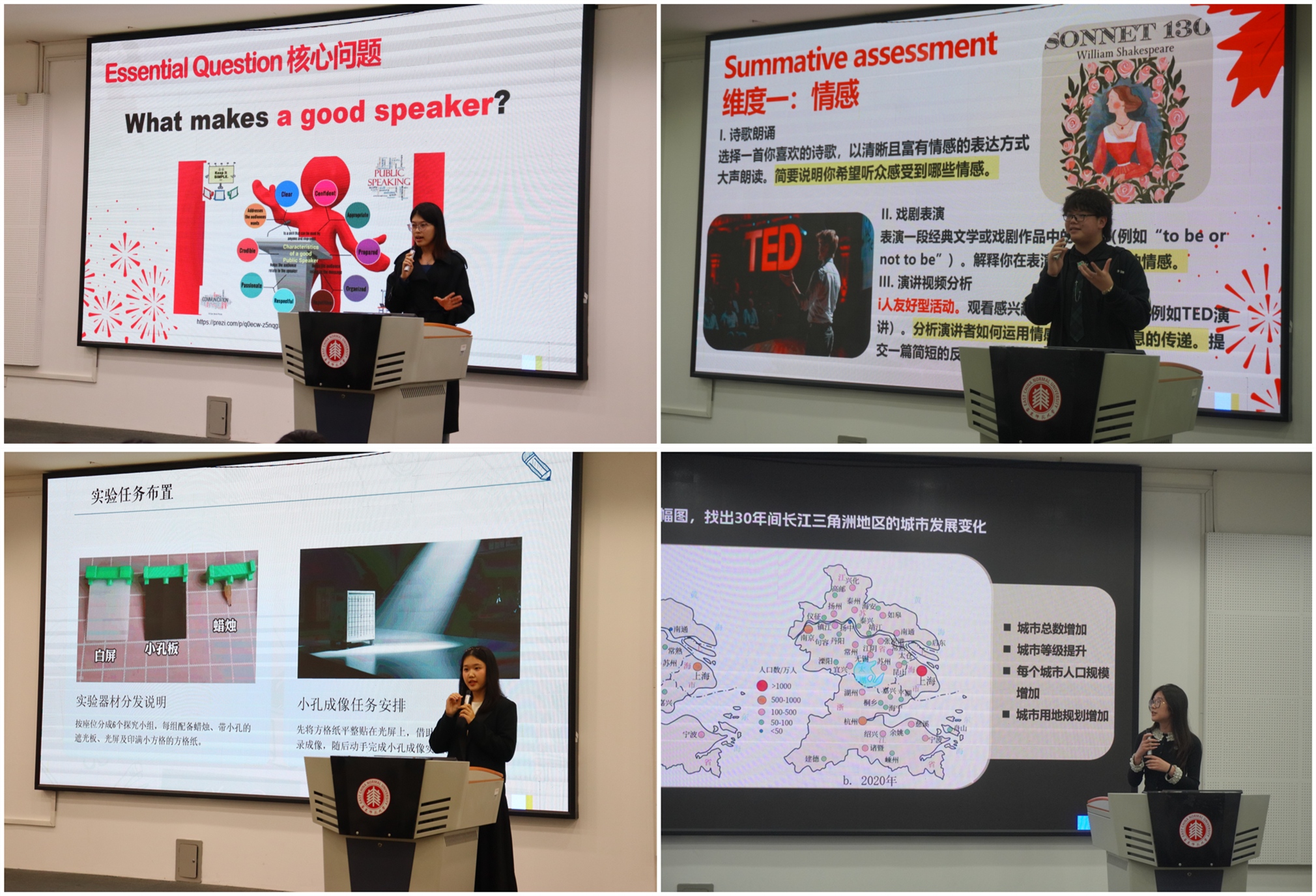课堂展示环节,各学科组师范生立足国内教育实际,融合在加所学的教育理念、教学法开展模拟教学,亮点纷呈。英语组崔元婕、杜瑞、马毅敏依托UbD(追求理解的教学设计)框架,围绕“口语塑造思想、身份与人际关系”开展说课,以分层任务、互动活动助力学生语言能力阶梯式成长;数学组吴妍霏、沈嘉俊、郭沐瑶以“比例与面积——小孔成像中的数学奥秘”为主题进行试讲,采用项目式学习,通过动手实验、数据归纳将抽象定理具象化,实现跨学科融合;地理组楼梦芸、李熙婕、白雨润的试讲紧扣“城镇化”,以上海城市变迁为切入点,用递进式问题链、“六边形联想”探究活动,落地学科核心素养培育。
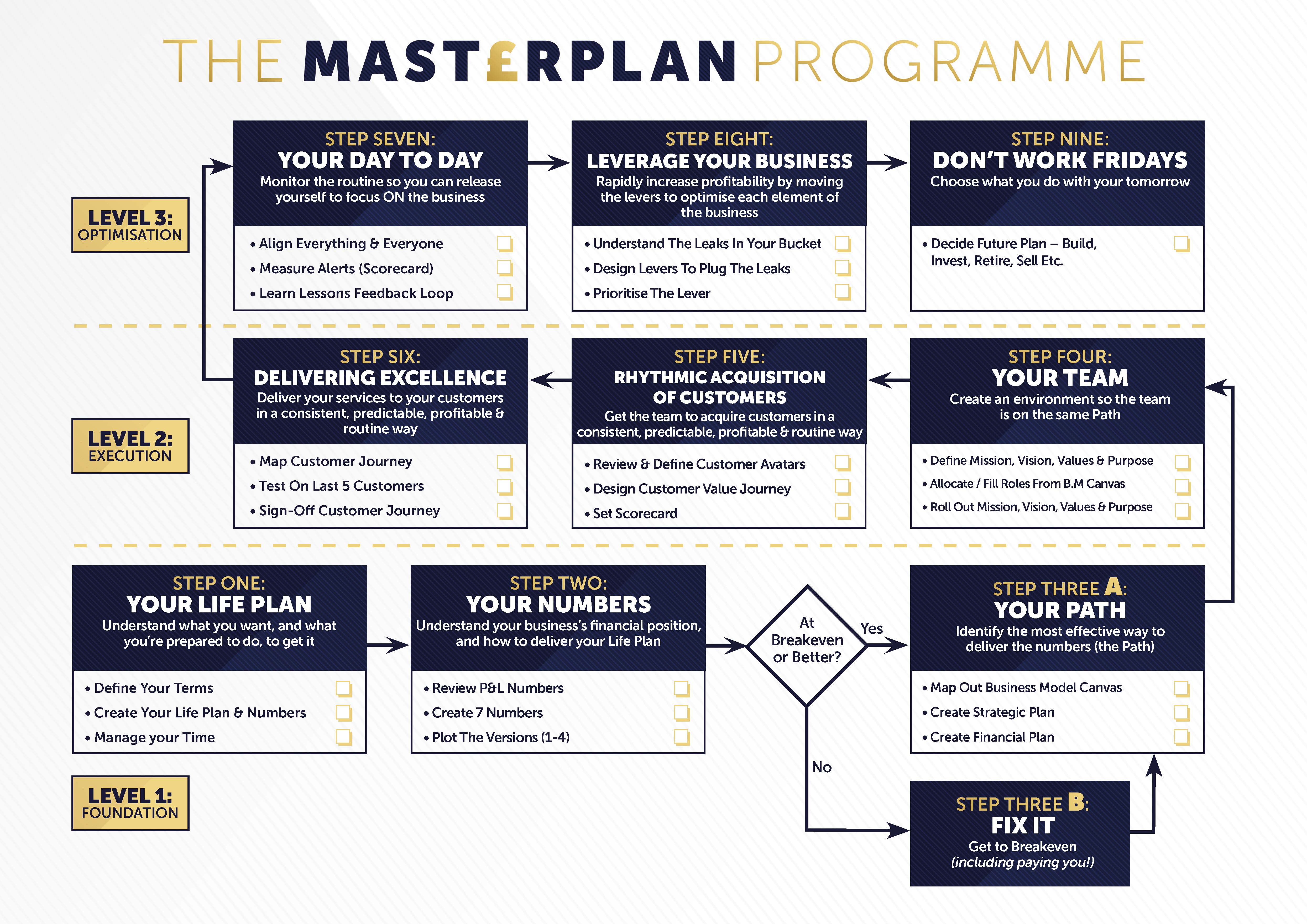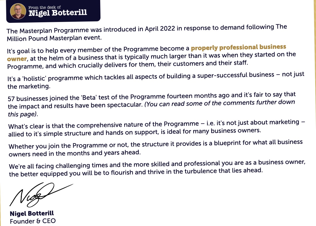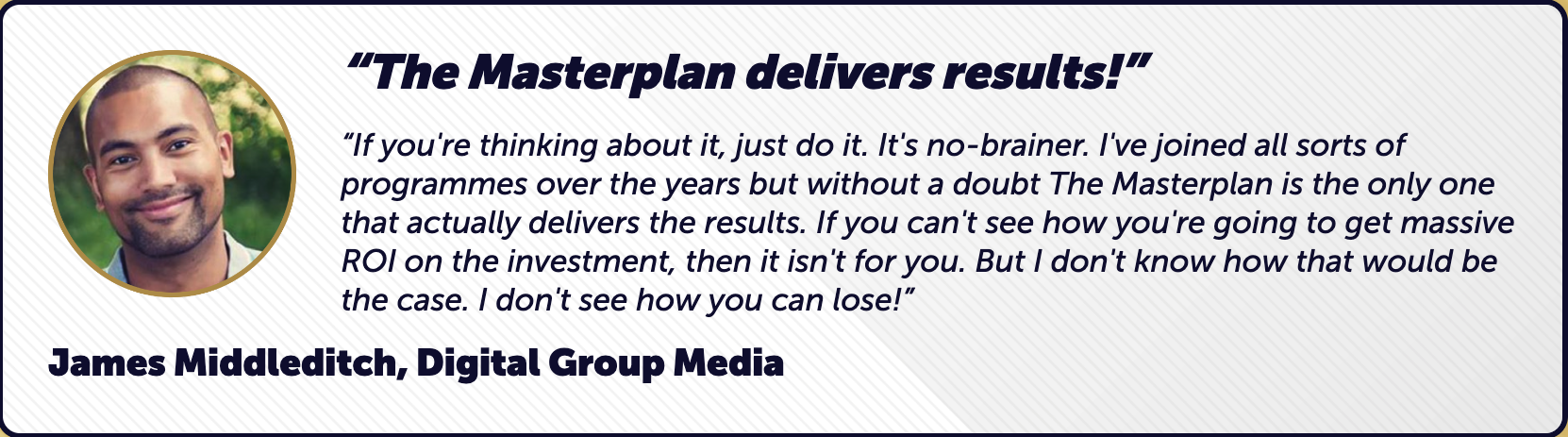 You'll get your own dedicated Masterplan Coach who is supported by each of our Specialists as you progress through each Step. In addition you'll get an input from Nicholas and other members of the team as required.
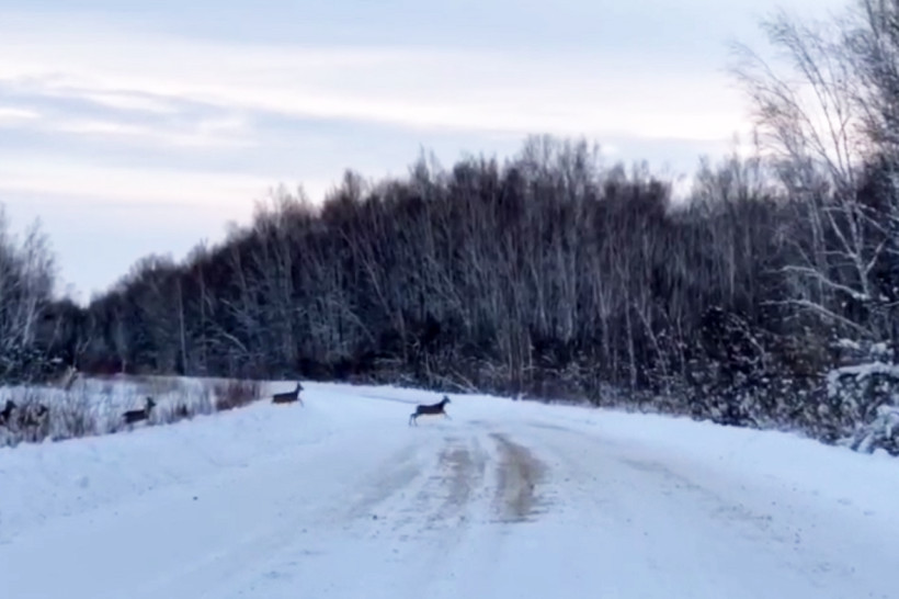 Большое стадо косуль заметили на дороге Новокиевский Увал — Серышево (видео)
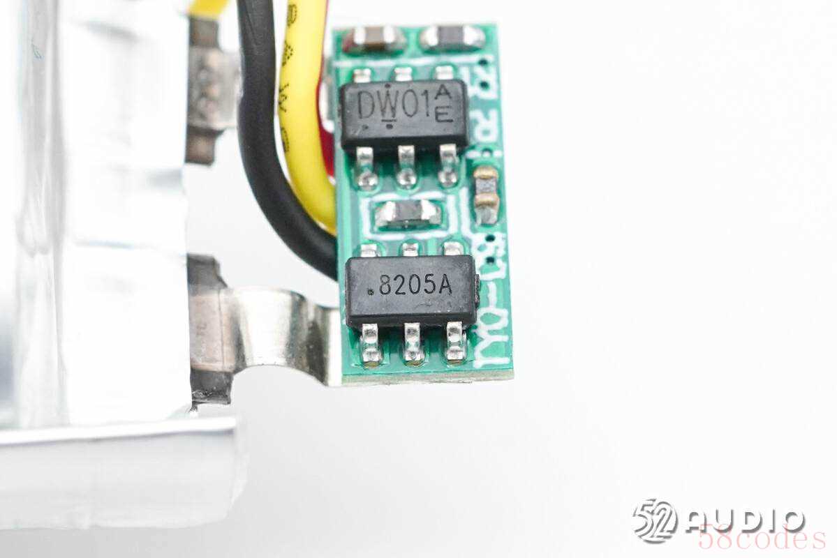 撕开绝缘保护,电池保护板一侧电路一览,设置有锂电保护IC和MOS管,以及用于检测电池温度的热敏电阻。
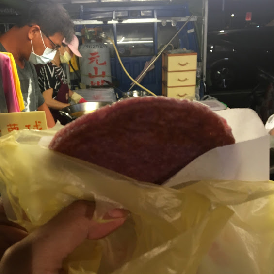 紅薯餠、サツマイモを捏ねてハンバーグのような形で焼いたお菓子25元90円。さっぱり味で美味しいです。
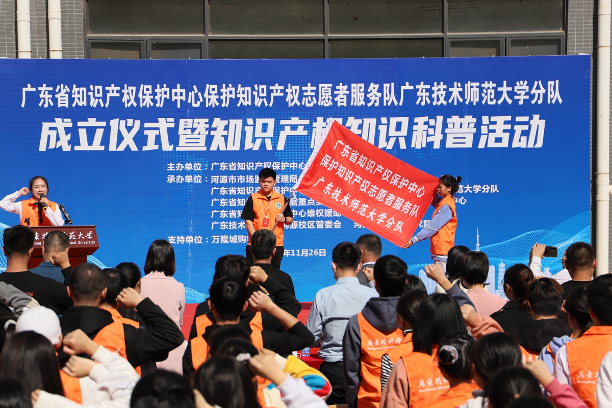 据悉广东省知识产权保护中心保护知识产权志愿者服务队广东技术师范大学分队是河源市首家高校知识产权保护及宣传服务队,我校将努力依托雄厚的专业背景及资源为知识产权的保护、创造、运用和管理提供高质量的个性化、全方位的服务,推动知识产权服务业向专业化、规模化、国际化发展。
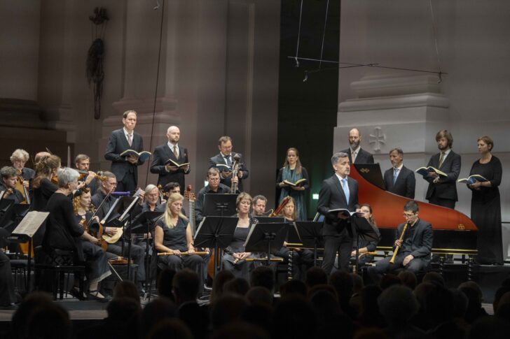 Vox Luminis, déjà invité dans ce cadre en 2023 et 2024, revient en 2025 avec deux programmes. Deux jours avant cette Passion, on a pu admirer un programme d'oratorios de Carissimi et Charpentier qui a justement enthousiasmé le public salzbourgeois. Le second programme, lui, n'est pas une rareté, même si la Passion selon saint Jean n'avait figuré qu'une seule fois au programme du festival, en 1989. Vox Luminis n'en est pas à son coup d'essai avec la Passion selon saint Jean. En 2019, Lionel Meunier avait collaboré avec Café Zimmermann ; cette fois, c'est le tour du Freiburger Barockorchester, sous la conduite de Petra Müllejans au premier violon, continuant une collaboration au long cours.

———

Requirement: Give again exactly the lines from the one holding "You'll get your" to the final line of the records, both ends included; any pictures stay out.

Task answer:
 You'll get your own dedicated Masterplan Coach who is supported by each of our Specialists as you progress through each Step. In addition you'll get an input from Nicholas and other members of the team as required.
 Большое стадо косуль заметили на дороге Новокиевский Увал — Серышево (видео)
 撕开绝缘保护,电池保护板一侧电路一览,设置有锂电保护IC和MOS管,以及用于检测电池温度的热敏电阻。
 紅薯餠、サツマイモを捏ねてハンバーグのような形で焼いたお菓子25元90円。さっぱり味で美味しいです。
 据悉广东省知识产权保护中心保护知识产权志愿者服务队广东技术师范大学分队是河源市首家高校知识产权保护及宣传服务队,我校将努力依托雄厚的专业背景及资源为知识产权的保护、创造、运用和管理提供高质量的个性化、全方位的服务,推动知识产权服务业向专业化、规模化、国际化发展。
 Vox Luminis, déjà invité dans ce cadre en 2023 et 2024, revient en 2025 avec deux programmes. Deux jours avant cette Passion, on a pu admirer un programme d'oratorios de Carissimi et Charpentier qui a justement enthousiasmé le public salzbourgeois. Le second programme, lui, n'est pas une rareté, même si la Passion selon saint Jean n'avait figuré qu'une seule fois au programme du festival, en 1989. Vox Luminis n'en est pas à son coup d'essai avec la Passion selon saint Jean. En 2019, Lionel Meunier avait collaboré avec Café Zimmermann ; cette fois, c'est le tour du Freiburger Barockorchester, sous la conduite de Petra Müllejans au premier violon, continuant une collaboration au long cours.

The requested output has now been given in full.